On November 8, 2000, the U.S. District Court ruled in favor of the cable operators. It held that the Internet access and content services provided by cable operators are entitled to the same level of protection as a newspaper under the First Amendment. Moreover, the court held that the ordinance in question constitutes content based regulation, and hence, the strict scrutiny test applies. Broward County argued that it regulated the economic activity of providing broadband transport, not the content which the cable operators disseminated over those transport facilities. The Judge reasoned both that the transmission and content are inseparable, and that the First Amendment offers protection to both transmission and content. He also wrote that cable operators control no bottleneck monopoly over access to the Internet because there is an abundance of different sources of content on the Internet.

Court decision:
On April 23, 2001, Broward County settled its open access suit with AT&T. The county agreed to drop the appeal and rescind the ordinance, and the cable operators agreed to abandon attempts to collect attorney's fees.

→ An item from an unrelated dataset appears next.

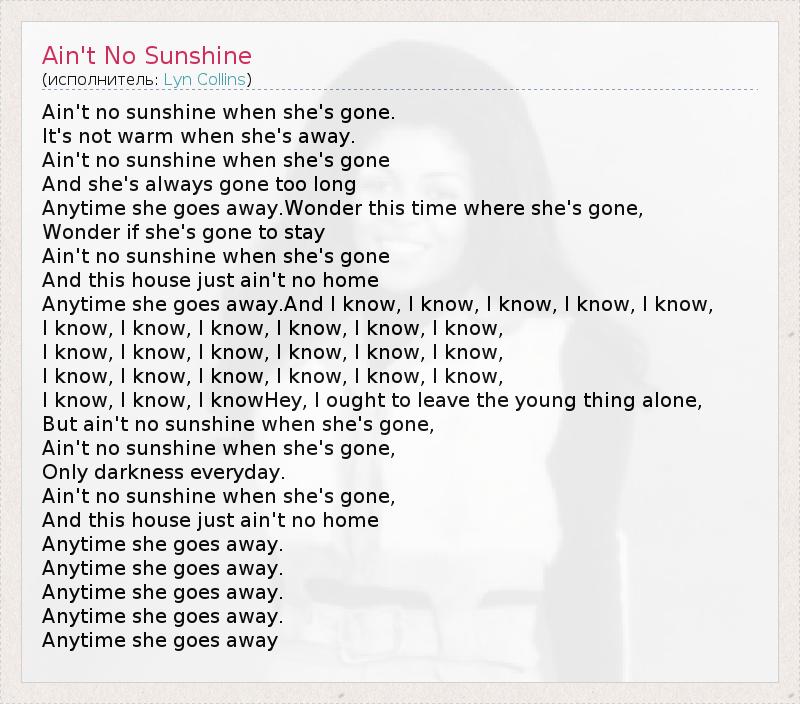 А как ты думаешь, о чем песня "Ain't No Sunshine" ?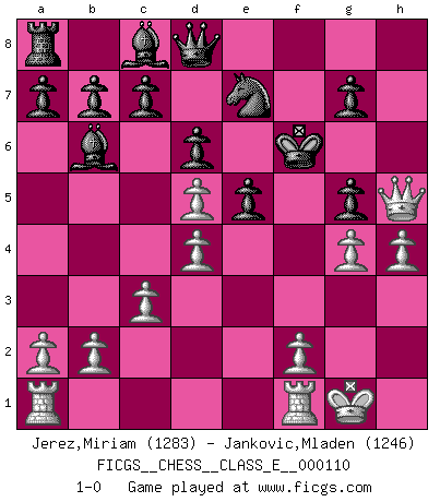 Last move : 1-0 2009 November 11 20:35:13 [Event "FICGS__CHESS__CLASS_E__000110"] [Site "FICGS"] [Date "2009.07.07"] [Round "1"] [White "Jerez,Miriam"] [Black "Jankovic,Mladen"] [Result "1-0"] [WhiteElo "1283"] [BlackElo "1246"] 1.e4 e5 2.Nf3 Nc6 3.Bc4 Nf6 4.Nc3 Bc5 5.d3 O-O 6.O-O d6 7.Ng5 Nd4 8.Bxf7+ Rxf7 9.Nxf7 Kxf7 10.Bg5 h6 11.Nd5 hxg5 12.c3 Nxd5 13.exd5 Nf5 14.Qh5+ Kf6 15.g4 Ne7 16.d4 Bb6 17.h4 1-0 This chess game has been lost on time (started : 2009.07.07 22:5:10) Two knights defense Kingside Castling by player Black (move 5) Kingside Castling by player White (move 6) Player White won this chess game. Follow this game move after move (download)Before the endgame, the Gods have placed the middle game. (Siegbert Tarrasch) Bobby Fischer ist kein Vorbild für die heutige Jugend. (Viktor Kortschnoi) El Ajedrez, como la música, como el amor, tiene el poder de hacer feliz a la gente. (Siegbert Tarrasch) Tout change constamment, y compris dans le monde des Echecs. (Botvinnik) I can't decide which is riskier; taking crazy risks, or taking advice on crazy risks from a crazy risk taker. (Gregory House in House M.D.)

GTE v. TCI, Comcast, At Home

Plaintiffs: GTE Internetworking Inc. and GTE Intelligent Network Services Inc.
Defendants: Tele-Communications Inc., Comcast, and At Home Corp.,
Summary:
GTE Internetworking Inc. filed a lawsuit in U.S. District Court on October 25,1999 against the cable company TCI, Comcast, and ISP At Home alleging that bundling broadband data transport service with ISP service violates the Sherman Antitrust Act. GTE's complaint rests on Section 1 of the Sherman Antitrust Act. It alleges three counts of illegal tying, and two counts of refusals to deal. The complaint seeks damages and a court declaration that (a) the defendants may not require customers to purchase the At Home ISP service in order to obtain high-speed data transport, i.e., customers may obtain high-speed data transport without also purchasing ISP service from At Home; (b) the exclusive contract between the Cable Company Defendants and At Home is unlawful; and (c) the Cable Company Defendants may not agree to refuse to deal with non-affiliated ISPs with respect to the provision of high-speed data transport to residential customers".

Result:This case has not been heard in the court.